Panelists: Benjamin P. Levy, MD, Sibley Memorial Hospital; Shirish M. Gadgeel, MD, University of Michigan; Lyudmila A. Bazhenova, MD, UCSD Morris Cancer Center; Anne S. Tsao, MD, MD Anderson Cancer Center; Mohammad Jahanzeb, MD, FACP, University of Miami, Miller School of Medicine
Published: Friday, Oct 26, 2018



Transcript: 

Benjamin P. Levy, MD:
For the sake of time we’re going to move on to the third section and talk about additional targets in non–small cell lung cancer. Historically, we think of the precision paradigm in non–small cell lung cancer as being limited to EGFR and ALK and possibly ROS. But all of us know that’s just the tip of the iceberg at this point. There are other mutations that are druggable. They may be rarer, but are certainly druggable, actionable, and lead to improve outcomes and response rates that we don’t normally see with chemotherapy. This is, of course, BRAF and MET and HER2, and others, NTRK. So, we’ll spend some time talking about just either approved drugs or emerging drugs over these particular molecular niches. So, MJ [Mohammad Jahanzeb, MD, FACP], let’s start out with BRAF. Discuss how one should treat BRAF, and then potentially the targeted therapy approval, and how to use it and when.
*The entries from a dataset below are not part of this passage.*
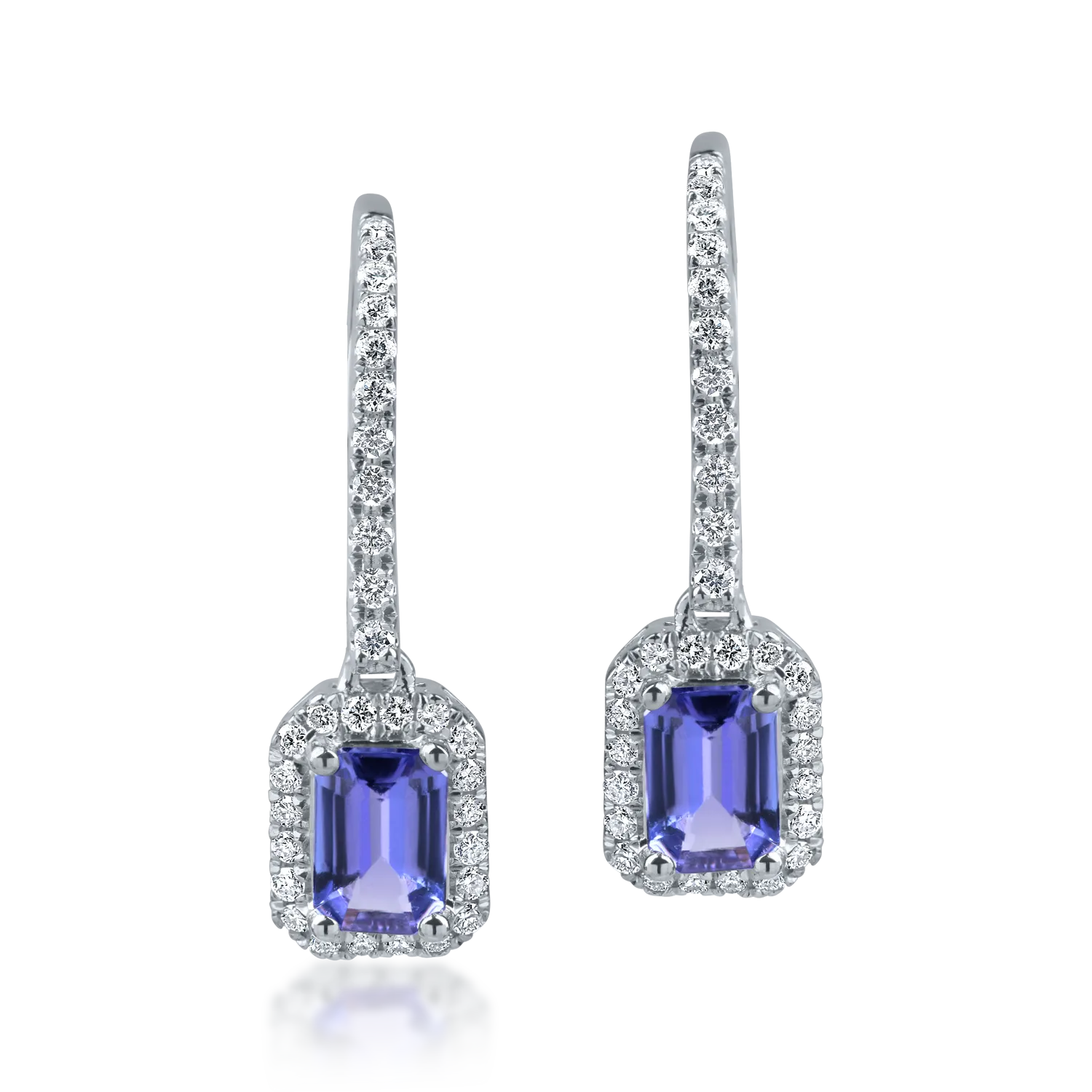 Cercei geometrici din aur alb cu tanzanite rectangulare de 1.2ct si diamante de 0.3ct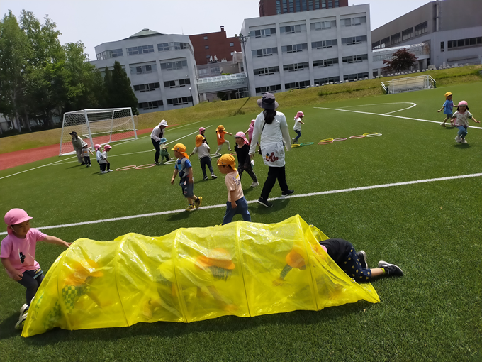 年少組さんと大学のグラウンドで遊びました♪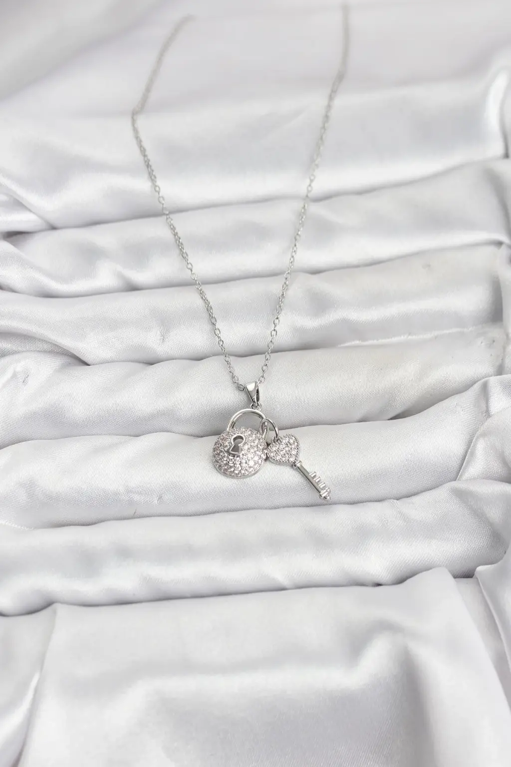 316L Çelik Zincir Gümüş Renk Kilit Anahtar Model Zirkon Taşlı Kadın Kolye Eşşiz tasarımıyla sizlerle. En uygun fiyat garantili kararmaz modelimiz karşınızda.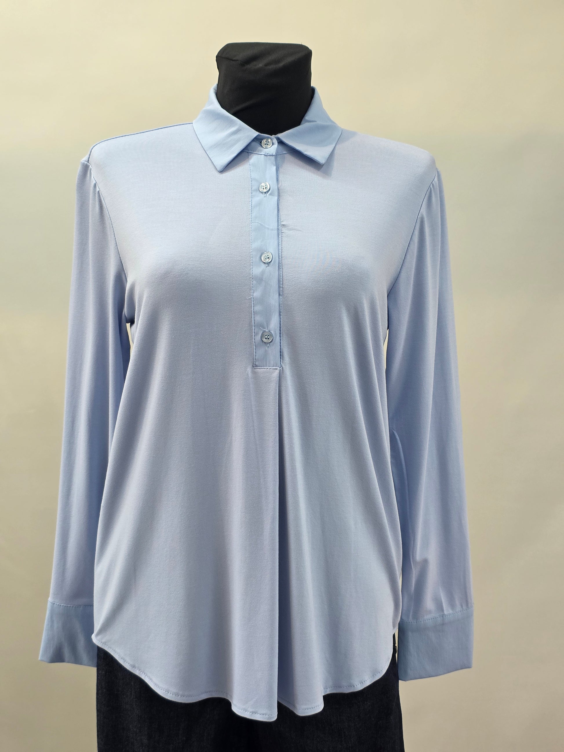 Diese hellblaue Hemdbluse vereint zeitlose Eleganz mit moderner Vielseitigkeit. Durch den hochwertigen Stoffmix aus 66% Baumwolle, 26% Nylon und 5% Elastan sitzt sie angenehm auf der Haut, bleibt formstabil und bietet optimale Bewegungsfreiheit. Ihre klare Linie macht sie zu einem perfekten Begleiter im Büro, lässt sich aber ebenso leger unter einem Pullover kombinieren oder solo tragen für einen frischen, stilvollen Auftritt. Ein Stück, das sowohl klassisch als auch modern wirkt und in jeder Garderobe seinen Platz findet.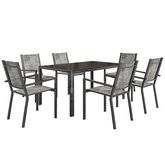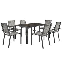 Rehaussez votre jardin avec l'ensemble de table et chaises de jardin extérieures Outsunny : table élégante de 150 cm en composite bois-plastique et six chaises empilables. Idéal pour barbecues ou repas tranquilles, ce salon de jardin offre style, fonctionnalité et confort avec ses chaises en textilène. Parfait pour tous espaces extérieurs !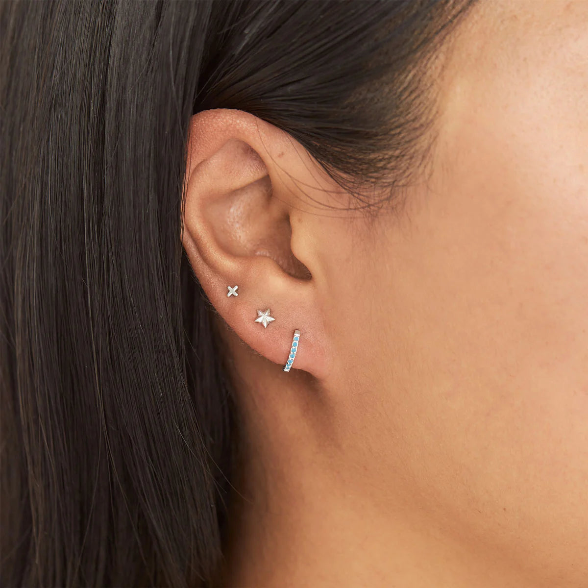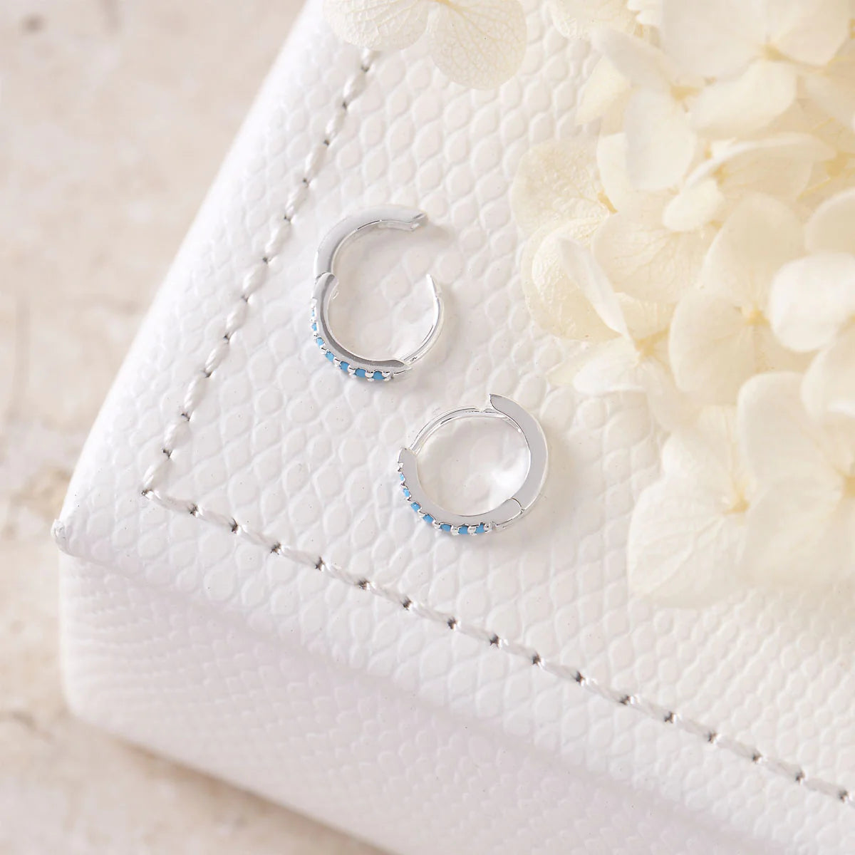Sterling Silver Sparkles Turquoise Micro Huggies

Mohammad Jahanzeb, MD, FACP: Sure. So first of all, it’s important to point out that the vast majority of oncologists are unlikely to see a single BRAF patient. It’s very rare, even more rare than ALK, maybe 1[%] to 2%. And within BRAF, there are various subtypes. It’s only BRAF V600E which seems to derive benefit from targeted therapy. And in fact, at this meeting we all saw the results where in 62 patients—only 8 of whom were previously untreated; 54 previously treated—he saw responses were about the same whether they were previously treated or not, keeping in mind the numbers are very small—37 or 38%. And PFS [progression-free survival] was longer, twice as long, in the previously untreated patients—about 12.9 months versus 6.1 month[s].

So, I think that if you have such a patient, obviously targeted therapy still beats chemotherapy. You would use it bearing in mind that the toxicities are again different—you may have pyrexia as one of the toxicities that you need to be aware of besides the usual TKI [tyrosine kinase inhibitor] toxicities. So, I think that we would use it. The question is, are there additional aspects of BRAF that we should keep in mind. You know these are not typically young never-smokers, ALK patients; they can be smokers or nonsmokers. They don’t tend to be any younger.
And the other interesting aspect in immunotherapy, is that then we get the full next-generation sequencing approach. Now we can look at these mutations and draw additional conclusions about the candidate or patient you see for immunotherapy. For example, BRAF seems to have no bearing but MET upregulates markers of immune response. STK11 downregulates markers of immune response. So, I digressed a little bit, but BRAF reminds me that now we need to pay attention to these markers, even while talking about immunotherapy.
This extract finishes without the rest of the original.